A 20 kg wagon is pulled along the level ground by a rope inclined at 30 deg above horizontal. A frictional force of 30 N opposes the motion, how large is the pulling force if the wagon is accelerating at the rate of 0.40m/s2?
F cos 30 - 30 = m a = 20 * 0.40
so
F = [ 30 + 8 ] / 0.866
To find the pulling force, we need to consider the forces acting on the wagon.
First, let's draw a free-body diagram to visualize the forces involved:
-------------------------
| \
____|____ \ <-- Rope
/ \ \
/ Wagon \ \
/ \ \
/ \ \
<---- 30° \ 30 N <--- Friction force
\ /
\ /
\_______/
In the diagram:
- Wagon represents the 20 kg mass of the object being pulled.
- The upward angled arrow represents the pulling force.
- The downward angled arrow represents the frictional force.
- The straight horizontal arrow represents the horizontal component of the rope tension.

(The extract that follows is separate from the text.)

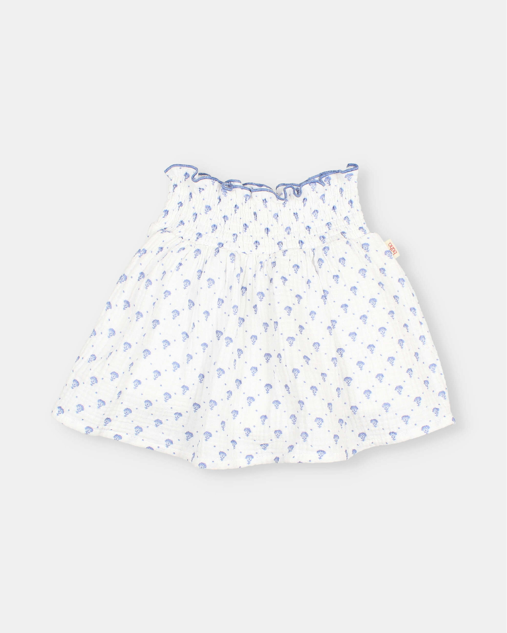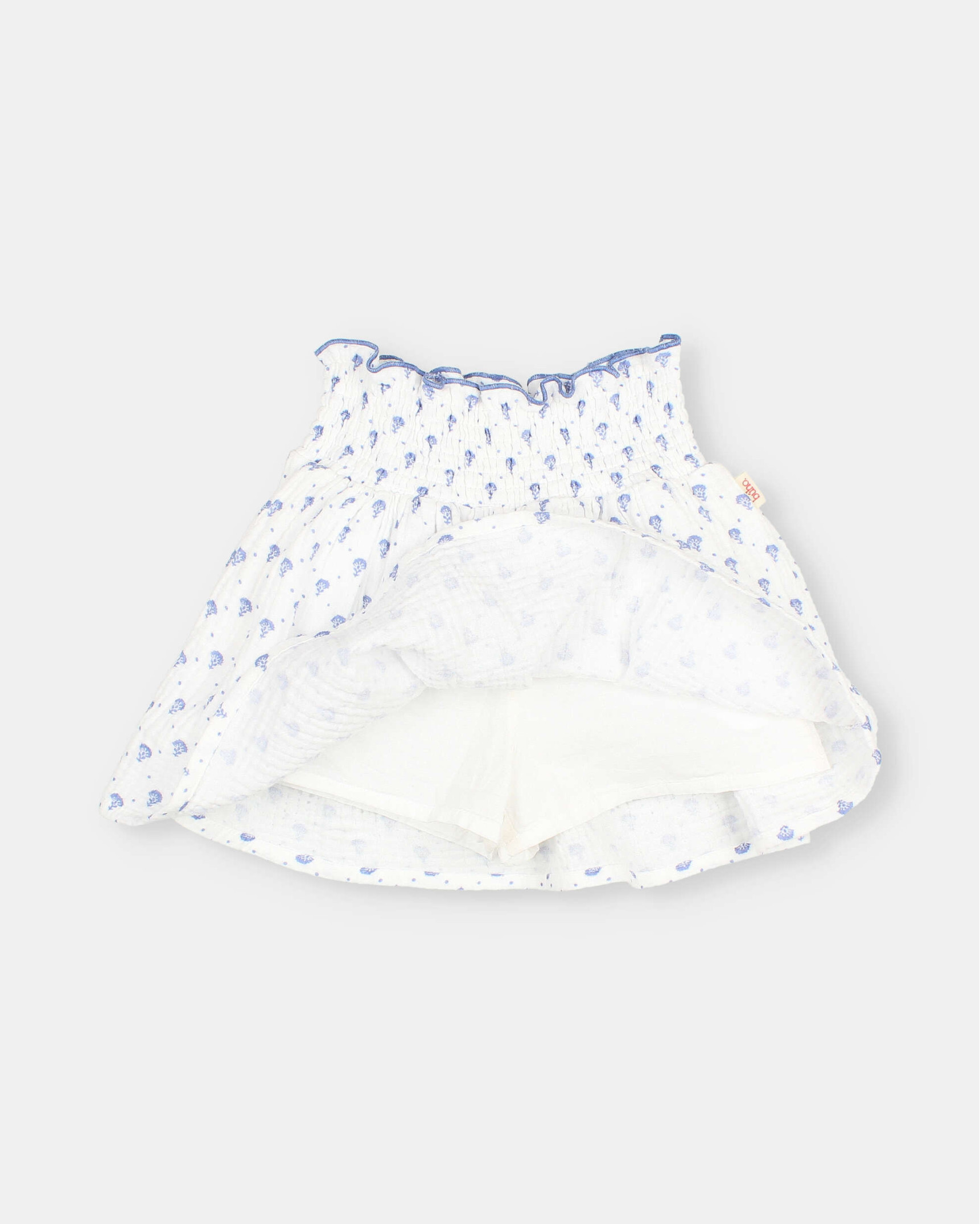 Falda de muselina de algodón con estampado bali. Cintura con goma elástica y volantito con acabado repulgo a contraste. Faldón con vuelo. Forro interior tipo short.

From the given information, we know that:
- Mass (m) of the wagon = 20 kg
- Frictional force (F_friction) = 30 N
- Acceleration (a) = 0.40 m/s^2
- Angle (θ) between the inclined rope and the horizontal ground = 30°
Now, let's break down the forces along the horizontal and vertical directions:
1. Vertical direction (upward is positive):
- Tension in the rope = T (unknown)
- Vertical component of tension = T * sin(30°) = T_vertical
Since there is no vertical acceleration (the wagon is on level ground), the vertical forces are balanced:
Sum of vertical forces = 0
Therefore:
T_vertical = Weight of the wagon (m * g) (opposite direction of the upward arrow)

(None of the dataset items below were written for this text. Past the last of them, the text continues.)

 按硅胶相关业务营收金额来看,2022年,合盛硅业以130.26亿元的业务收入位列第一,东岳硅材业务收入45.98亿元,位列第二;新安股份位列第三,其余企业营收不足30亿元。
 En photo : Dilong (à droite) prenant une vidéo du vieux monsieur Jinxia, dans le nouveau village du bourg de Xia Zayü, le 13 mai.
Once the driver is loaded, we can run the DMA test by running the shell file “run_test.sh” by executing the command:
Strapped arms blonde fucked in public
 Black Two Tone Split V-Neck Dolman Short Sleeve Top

T_vertical = 20 kg * 9.8 m/s^2 = 196 N
2. Horizontal direction (forward is positive):
- Tension in the rope = T (unknown)
- Horizontal component of tension = T * cos(30°) = T_horizontal
- Frictional force = F_friction = 30 N (opposite direction)
We can set up the equation for horizontal forces:
Sum of horizontal forces = ma (from Newton's second law)
T_horizontal - F_friction = m * a
T_horizontal - 30 N = 20 kg * 0.40 m/s^2
T_horizontal - 30 N = 8 N
Now, we know the horizontal component of tension:
T_horizontal = 8 N + 30 N
T_horizontal = 38 N
Finally, to find the pulling force, we need to consider both horizontal and vertical components:
Pulling force = Square root( T_horizontal^2 + T_vertical^2 )
Pulling force = Square root( (38 N)^2 + (196 N)^2 )
Pulling force = Square root( 1444 N^2 + 38416 N^2 )
Pulling force = Square root( 39860 N^2 )
Pulling force ≈ 199.6 N
Therefore, the pulling force required is approximately 199.6 Newtons.